Securities registered pursuant to Section 12(b) of the Act:


Title of each class   Trading Symbol(s)   Name of each exchange on which registered
Common Stock, par value $0.01 per share   NSSC   Nasdaq Stock Market


Indicate by check mark whether the registrant is an emerging growth company as defined in Rule 405 of the Securities Act of 1933 (section 230.405 of this chapter) or Rule 12b-2 of the Securities Exchange Act of 1934 (section 240.12b-2 of this chapter).


Emerging growth company ¨


If an emerging growth company, indicate by check mark if the registrant has elected not to use the extended transition period for complying with any new or revised financial accounting standards provided pursuant to Section 13(a) of the Exchange Act ¨







Item 1.01.     Entry into Material Agreement.


On December 10, 2020, NAPCO Security Technologies, Inc. (the “Company”) entered into an underwriting agreement (the “Underwriting Agreement”) with B. Riley Securities, Inc. and Needham & Company, LLC (the “Underwriters”), and the Company’s President and Chief Executive Officer, Richard L. Soloway (the “Selling Stockholder”), relating to the sale by the Selling Stockholder of 2,333,071 shares of the Company’s common stock owned by him in an underwritten secondary public offering, at a price to the public of $26.00 per share.
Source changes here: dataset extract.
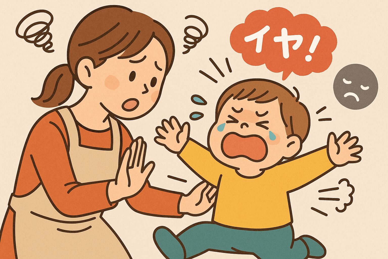 イヤイヤ期は、子どもが「自分でやりたい!」という自我を確立するためのステップです。 親の言葉に反発するのは、反抗ではなく「自己主張の練習」なのです。 この発達を理解しておくことで、イライラの半分は減らせます。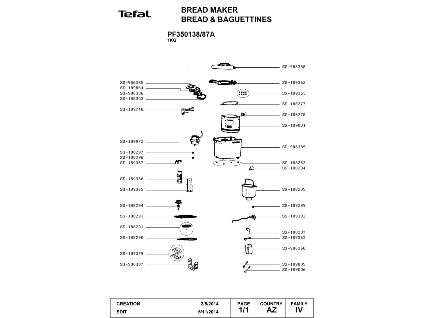 Запчасти для хлебопечки Tefal PF350138/87A (PF350138-87A)

The Selling Stockholder will pay any underwriting discounts and commissions and expenses incurred by the Selling Stockholder in the offering. Pursuant to the Underwriting Agreement, the Selling Stockholder also granted the Underwriters a 30-day option to purchase from the Selling Stockholder up to 334,961 additional shares of his common stock at the public offering price, less the underwriting discount. The Company will not receive any proceeds from the sale of shares of common stock by the Selling Stockholder, nor will the Company be issuing any shares in connection with the offering. The offering is expected to close on or about December 15, 2020, subject to the satisfaction of customary closing conditions contained in the Underwriting Agreement.


The Underwriting Agreement contains customary representations, warranties and agreements by the Company and the Selling Stockholder, customary conditions to closing, indemnification obligations of the Company, the Selling Stockholder and the Underwriters, including for liabilities under the Securities Act of 1933, as amended, other obligations of the parties and termination provisions. 
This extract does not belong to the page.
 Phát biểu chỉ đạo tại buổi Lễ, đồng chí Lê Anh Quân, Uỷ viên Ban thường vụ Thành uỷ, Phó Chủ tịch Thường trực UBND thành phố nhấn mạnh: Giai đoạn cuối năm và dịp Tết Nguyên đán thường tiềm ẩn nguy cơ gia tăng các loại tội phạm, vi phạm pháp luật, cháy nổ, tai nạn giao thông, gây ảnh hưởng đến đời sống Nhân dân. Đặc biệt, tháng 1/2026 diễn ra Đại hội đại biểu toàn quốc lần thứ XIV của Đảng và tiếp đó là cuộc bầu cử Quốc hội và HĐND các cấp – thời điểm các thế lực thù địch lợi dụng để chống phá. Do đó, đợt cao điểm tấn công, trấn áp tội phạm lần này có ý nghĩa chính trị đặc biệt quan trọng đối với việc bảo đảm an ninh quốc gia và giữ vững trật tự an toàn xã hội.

The secondary public offering by the Selling Stockholder is being made pursuant to the Company’s registration statement on Form S-3 (Registration Statement No. 333-248078), which was declared effective by the Securities and Exchange Commission (the “SEC”) on August 24, 2020, the preliminary prospectus supplement, together with the accompanying prospectus, filed with the SEC on December 10, 2020, and a final prospectus supplement, together with the accompanying prospectus, that was filed with the SEC on December 11, 2020. The foregoing is only a brief description of the terms of the Underwriting Agreement, does not purport to be a complete statement of the rights and obligations of the parties under the Underwriting Agreement and the transactions contemplated thereby, and is qualified in its entirety by reference to a copy of the Underwriting Agreement which is attached as Exhibit 1.1 hereto.


Item 8.01.     Other Events.


On December 11, 2020, the Company issued a press release announcing the pricing of the secondary offering. A copy of such press release is attached as Exhibit 99.1 to this Current Report on Form 8-K and incorporated into this Item 8.01 by reference.


Item 9.01 Financial Statements and Exhibits.


(d) Exhibits


Exhibit No.   Description
1.1   Underwriting Agreement dated December 10, 2020.
99.1   Press Release issued by NAPCO Security Technologies, Inc. dated December 11, 2020.







Pursuant to the requirements of the Securities Exchange Act of 1934, the registrant has duly caused this report to be signed on its behalf by the undersigned thereunder duly authorized.